▸ Extracted records
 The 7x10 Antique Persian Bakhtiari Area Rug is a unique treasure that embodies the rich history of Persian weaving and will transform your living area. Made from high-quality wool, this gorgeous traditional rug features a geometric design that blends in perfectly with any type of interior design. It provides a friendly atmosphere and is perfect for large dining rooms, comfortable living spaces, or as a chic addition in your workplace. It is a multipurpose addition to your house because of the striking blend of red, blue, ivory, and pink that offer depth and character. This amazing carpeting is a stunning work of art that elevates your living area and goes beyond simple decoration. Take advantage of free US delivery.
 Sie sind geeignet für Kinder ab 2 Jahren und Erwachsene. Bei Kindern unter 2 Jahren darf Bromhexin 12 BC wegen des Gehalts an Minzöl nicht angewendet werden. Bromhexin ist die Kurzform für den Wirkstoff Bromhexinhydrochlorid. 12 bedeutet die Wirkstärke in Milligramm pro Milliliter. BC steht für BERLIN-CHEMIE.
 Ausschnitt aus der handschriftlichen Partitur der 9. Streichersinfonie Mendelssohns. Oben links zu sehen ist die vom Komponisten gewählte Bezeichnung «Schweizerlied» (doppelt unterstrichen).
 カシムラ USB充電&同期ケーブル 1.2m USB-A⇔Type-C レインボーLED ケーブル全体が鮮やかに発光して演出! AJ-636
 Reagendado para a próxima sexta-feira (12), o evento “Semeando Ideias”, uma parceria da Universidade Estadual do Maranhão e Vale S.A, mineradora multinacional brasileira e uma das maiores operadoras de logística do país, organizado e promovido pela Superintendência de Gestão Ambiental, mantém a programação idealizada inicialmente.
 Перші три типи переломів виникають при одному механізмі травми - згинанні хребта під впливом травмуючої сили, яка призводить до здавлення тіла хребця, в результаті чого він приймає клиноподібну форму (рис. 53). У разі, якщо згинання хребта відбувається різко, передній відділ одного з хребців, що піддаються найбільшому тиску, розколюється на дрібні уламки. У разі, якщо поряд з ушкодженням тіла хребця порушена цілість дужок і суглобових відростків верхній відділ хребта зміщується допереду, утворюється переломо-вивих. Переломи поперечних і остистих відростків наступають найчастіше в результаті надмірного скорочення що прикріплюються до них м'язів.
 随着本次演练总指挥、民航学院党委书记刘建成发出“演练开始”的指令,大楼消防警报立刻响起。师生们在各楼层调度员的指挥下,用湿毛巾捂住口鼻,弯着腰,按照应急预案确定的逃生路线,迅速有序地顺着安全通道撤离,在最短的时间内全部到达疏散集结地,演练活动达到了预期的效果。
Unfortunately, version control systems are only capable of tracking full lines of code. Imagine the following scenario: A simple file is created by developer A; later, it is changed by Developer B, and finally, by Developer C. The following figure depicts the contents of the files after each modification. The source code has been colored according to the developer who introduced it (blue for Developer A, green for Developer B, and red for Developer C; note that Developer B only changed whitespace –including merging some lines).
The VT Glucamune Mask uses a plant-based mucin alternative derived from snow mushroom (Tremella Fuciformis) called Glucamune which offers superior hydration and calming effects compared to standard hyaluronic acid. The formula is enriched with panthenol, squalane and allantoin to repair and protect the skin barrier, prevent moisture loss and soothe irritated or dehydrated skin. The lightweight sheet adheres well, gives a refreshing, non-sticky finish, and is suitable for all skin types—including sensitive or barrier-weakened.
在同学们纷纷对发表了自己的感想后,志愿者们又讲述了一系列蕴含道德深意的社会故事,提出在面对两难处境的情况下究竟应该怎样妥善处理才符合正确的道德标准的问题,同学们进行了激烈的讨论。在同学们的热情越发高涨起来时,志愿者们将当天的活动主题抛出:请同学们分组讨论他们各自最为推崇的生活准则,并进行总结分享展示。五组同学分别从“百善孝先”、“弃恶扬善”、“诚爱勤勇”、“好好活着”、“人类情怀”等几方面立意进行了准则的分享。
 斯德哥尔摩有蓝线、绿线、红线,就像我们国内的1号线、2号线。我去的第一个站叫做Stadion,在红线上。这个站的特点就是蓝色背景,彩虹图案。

▸ Instructions for the task
Quote the records from their first line to the line with "カシムラ USB充電&同期ケーブル 1.2m", inclusive, without adding or dropping anything.

▸ Result
 The 7x10 Antique Persian Bakhtiari Area Rug is a unique treasure that embodies the rich history of Persian weaving and will transform your living area. Made from high-quality wool, this gorgeous traditional rug features a geometric design that blends in perfectly with any type of interior design. It provides a friendly atmosphere and is perfect for large dining rooms, comfortable living spaces, or as a chic addition in your workplace. It is a multipurpose addition to your house because of the striking blend of red, blue, ivory, and pink that offer depth and character. This amazing carpeting is a stunning work of art that elevates your living area and goes beyond simple decoration. Take advantage of free US delivery.
 Sie sind geeignet für Kinder ab 2 Jahren und Erwachsene. Bei Kindern unter 2 Jahren darf Bromhexin 12 BC wegen des Gehalts an Minzöl nicht angewendet werden. Bromhexin ist die Kurzform für den Wirkstoff Bromhexinhydrochlorid. 12 bedeutet die Wirkstärke in Milligramm pro Milliliter. BC steht für BERLIN-CHEMIE.
 Ausschnitt aus der handschriftlichen Partitur der 9. Streichersinfonie Mendelssohns. Oben links zu sehen ist die vom Komponisten gewählte Bezeichnung «Schweizerlied» (doppelt unterstrichen).
 カシムラ USB充電&同期ケーブル 1.2m USB-A⇔Type-C レインボーLED ケーブル全体が鮮やかに発光して演出! AJ-636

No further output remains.